Two simple steps to help avoid a JV dispute
Sometimes, however, disagreements between business partners in a JV are simply unavoidable.
However in our experience there are two very simple steps that a remarkable number of businesses fail to take prior to entering a joint venture which together significantly reduce the chance of a bust up. And that’s the case whether you’ve set up a joint company, limited liability partnership, or have entered into a partnership – with or without a written partnership agreement
- Due diligence. Before entering into any form of joint venture arrangement with others, it’s absolutely essential that you do their homework to find more about them. Far too many people enter into JVs without really knowing enough about their new business partner.
Click here to download our FREE joint venture due diligence checklist
- No Paperwork. A missing or inadequate joint-venture agreement can cause huge problems. In their enthusiasm to work together, far too many people, especially entrepreneurial types, focus on the possibilities and rush into business without properly thinking through how they are going to work together. Whether you are forming a partnership or a limited company, you need to make sure you have a comprehensive agreement drafted by specialist solicitor – which can take a number of forms including a partnership agreement, shareholders agreement or dedicated joint-venture agreement.
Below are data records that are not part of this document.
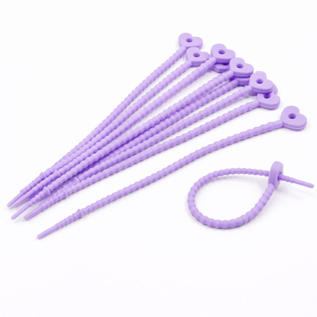 PRECINTOS SILICONADOS CORAZON LILA 21CM X 10 UNIDADES (EMC 1-7)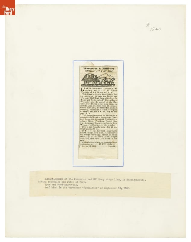 Stagecoach lines in the mid-1800s helped link outlying communities to cities and towns with railroad stops. The Worcester & Millbury Stage Line provided inhabitants of Millbury, Massachusetts, with regular access to the Boston and Worcester Railroad. Passengers could also use this service to connect with different stage lines that ran between other New England towns.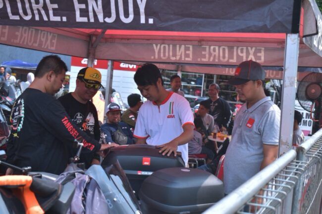 “Kali itu, kami juga menawarkan program buat komunitas. Terutama yang sudah punya boks Givi. Mereka bisa melakukan servis di sini secara gratis. Jika ada kebutuhan penggantian spare part, pihak Givi juga sudah menyediakannya. Apalagi buat pemilik boks yang lama. Kami juga memberikan diskon untuk pembelian spare partnya. Acara ditutup dengan nonton bareng MotoGP Jepang,” paparnya.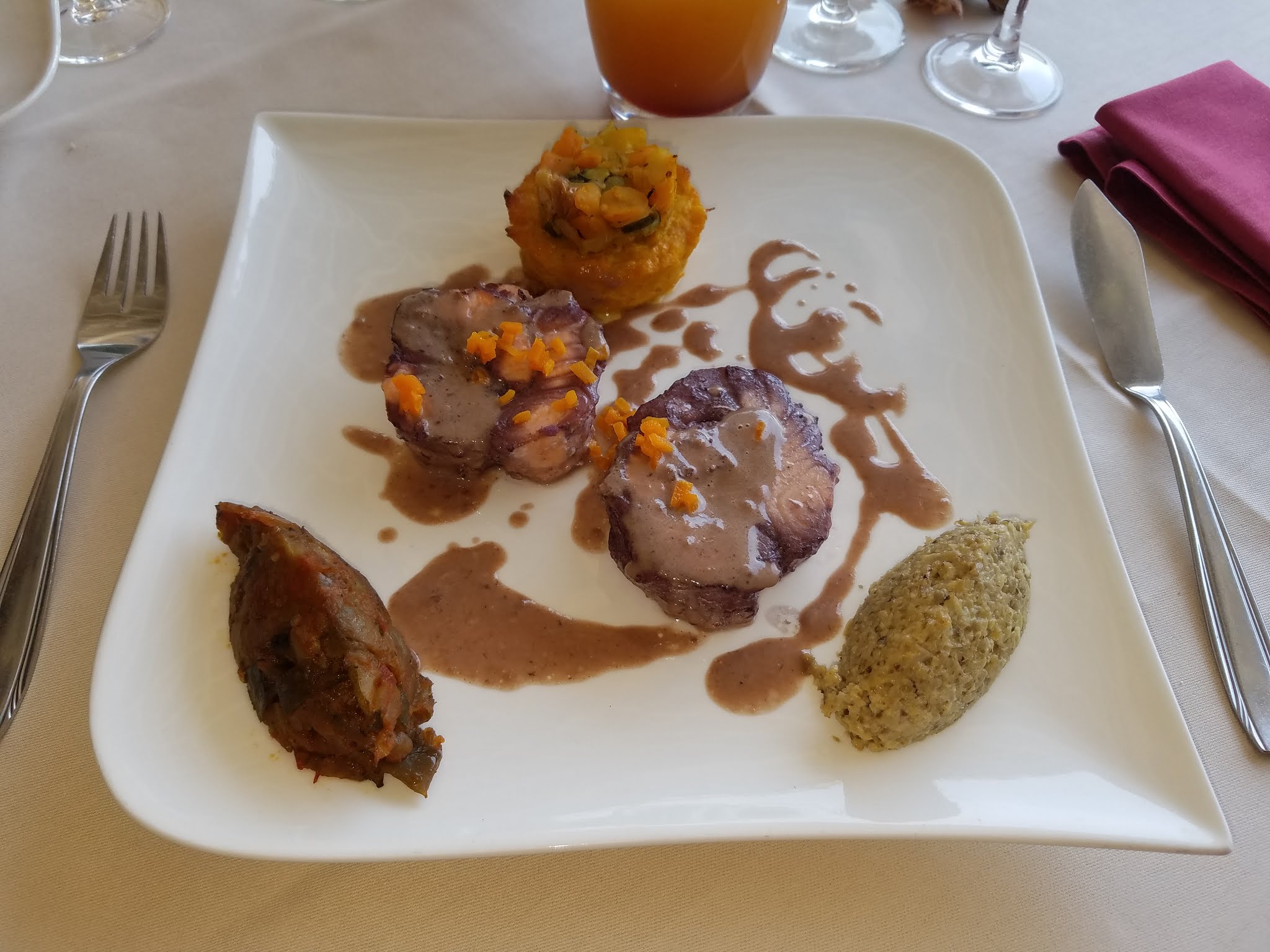Très bon repas, avec un délice à la poire merveilleux!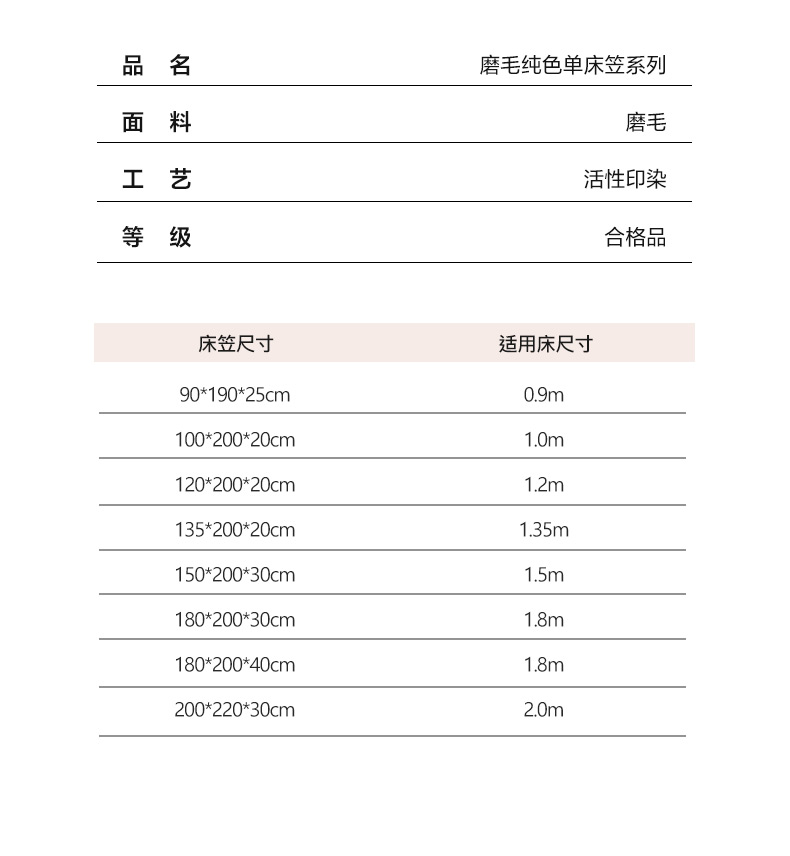 床单/床笠尺寸 8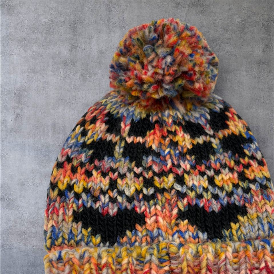 Quality Guarantee Unisex Jacquard Pattern Snowflakes Beanie POM POM Adult Leather Patch Printing 70% Acrylic 30% Wool Winter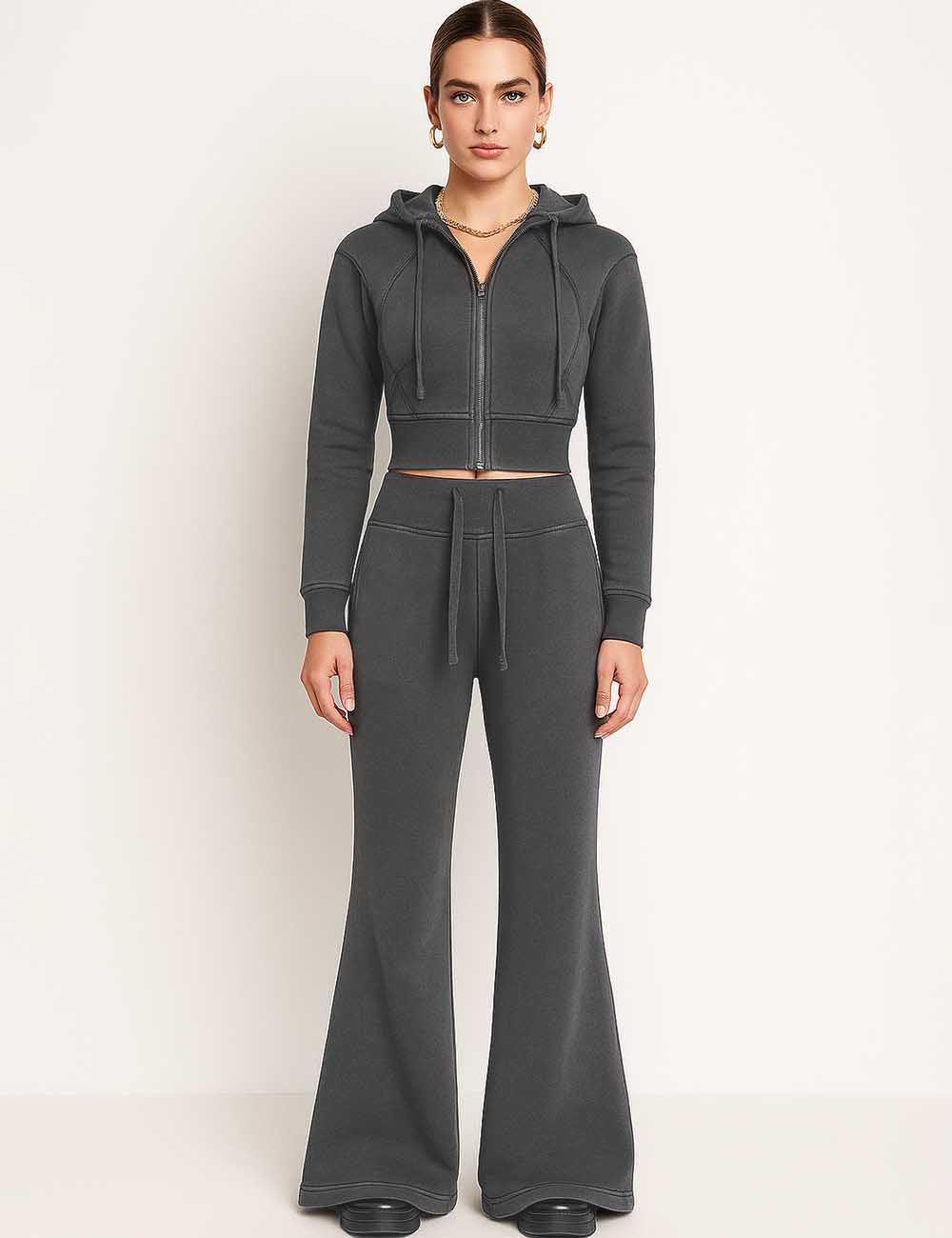 Ladies Hooded Zipper Closure Flared Leg Sweatshirt & Pants Set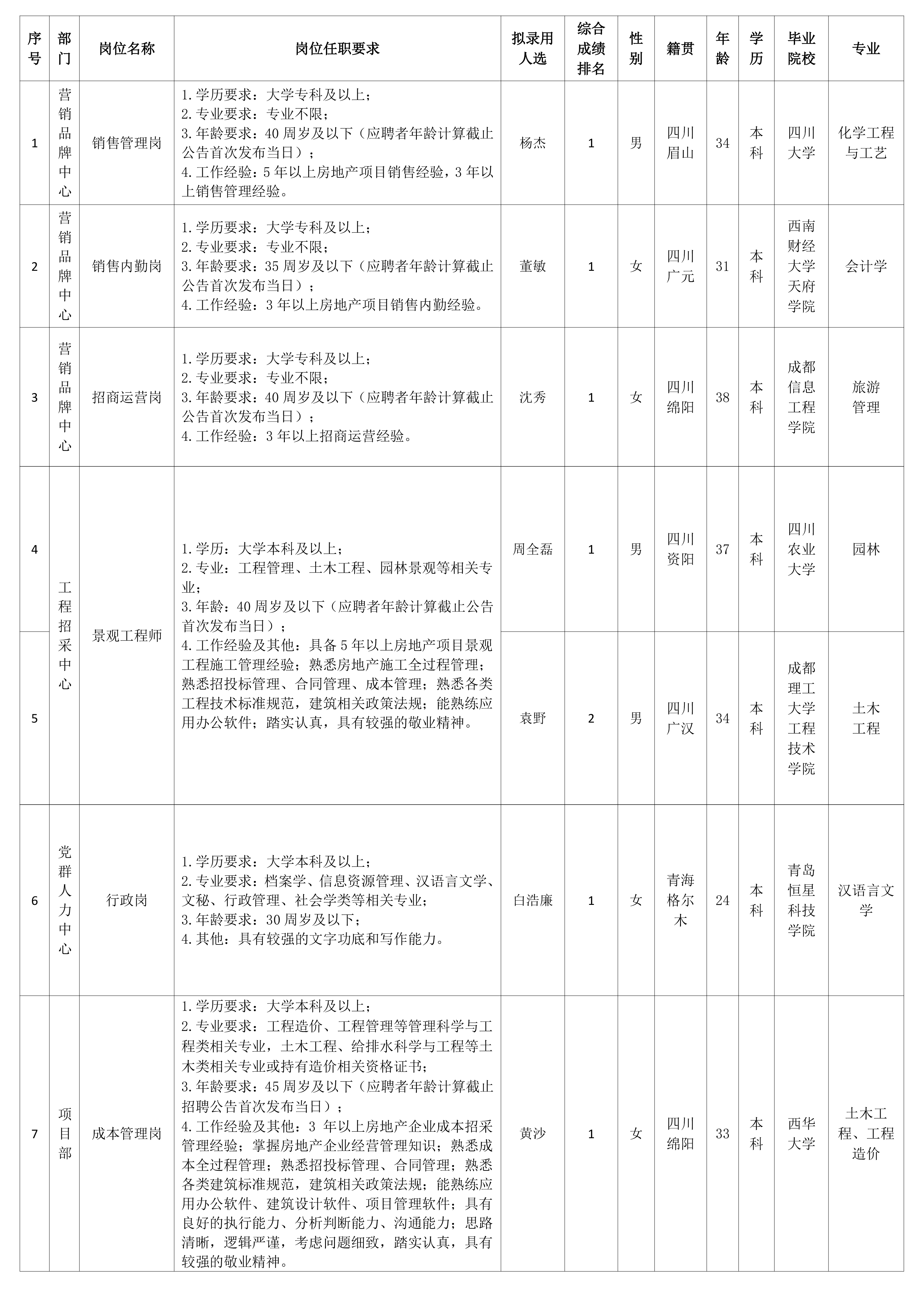 根据绵阳市k1体育注册就送38元置地有限公司发布的招聘公告及招聘相关规定,经笔试、面试、考察、体检等程序,拟录用杨杰等同志到绵阳市k1体育注册就送38元置地有限公司工作,现予以公示,具体情况如下: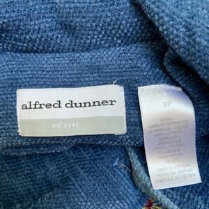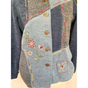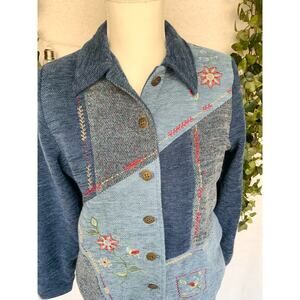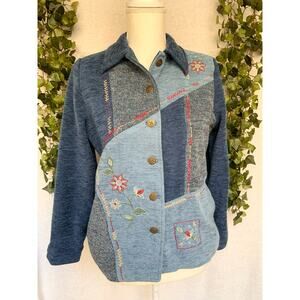 Vintage Alfred Dunner Blue Tweed Patchwork Floral Embroidery Button Up Jacket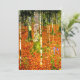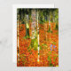 Tarjeta con la pintura de la casa de campo con árboles de Birch (1903) de Gustav Klimt. Un paisaje otoñal de hojas naranjas en un bosque de abedules con hermosas flores azules. Un regalo maravilloso para los amantes del arte Art Nouveau y austriaco.

Click here for our page on joint-venture agreements – which includes a useful checklist on the kind of things you need to discuss with your JV partner and consider putting into your written agreement.
Click here to find out more about the importance of in well drafted, written shareholders agreements and partnership agreements.
Or click here to find out more about company disputes and director disputes
What are the three types of due diligence?
The three main types of due diligence are commercial, financial, and legal. However, each type comprises numerous processes, which are forms of due diligence in their own right. For example, legal due diligence involves a range of different tasks, including verifying the company’s intellectual property portfolio, examining its contractual relationships, and investigating any ongoing or potential litigation. The extent of due diligence required in connection with a particular acquisition depends on the circumstances, and your solicitor will advise you on the level appropriate to protect your interests while minimising your costs.
What is due diligence in venture capital?
Due diligence in venture capital refers to the process of investigating and evaluating a startup’s affairs and growth potential before agreeing to invest. An investor may want to look at matters such as market size, competition, and customer demand, known as commercial due diligence. They may also want to conduct financial due diligence, which involves reviewing material such as the business’s profit forecasts, past funding, and expenses. In addition, an investor may undertake legal due diligence to obtain key information regarding issues such as the business’s corporate structure, intellectual property rights, and regulatory compliance.
Is a joint venture always 50/50?
No, a joint venture is not always a 50/50 split. The parties can structure ownership of their joint venture in any way they choose, whether that be 50/50, 60/40, 70/30 and so on. The ownership split usually reflects the parties’ risks and contributions to the project.
What is M&A due diligence?
M&A due diligence refers to the thorough assessment of a target company ahead of a merger or acquisition. It is a crucial stage in the mergers and acquisitions process, since it is the buyer’s opportunity to deep-dive into the business’s affairs to assess its true value and identify any risks and issues. If a buyer fails to carry out proper due diligence, they risk potentially disastrous consequences. For example, the buyer may pay over the odds for the company, or the company may not legally own assets that the buyer had believed they were acquiring.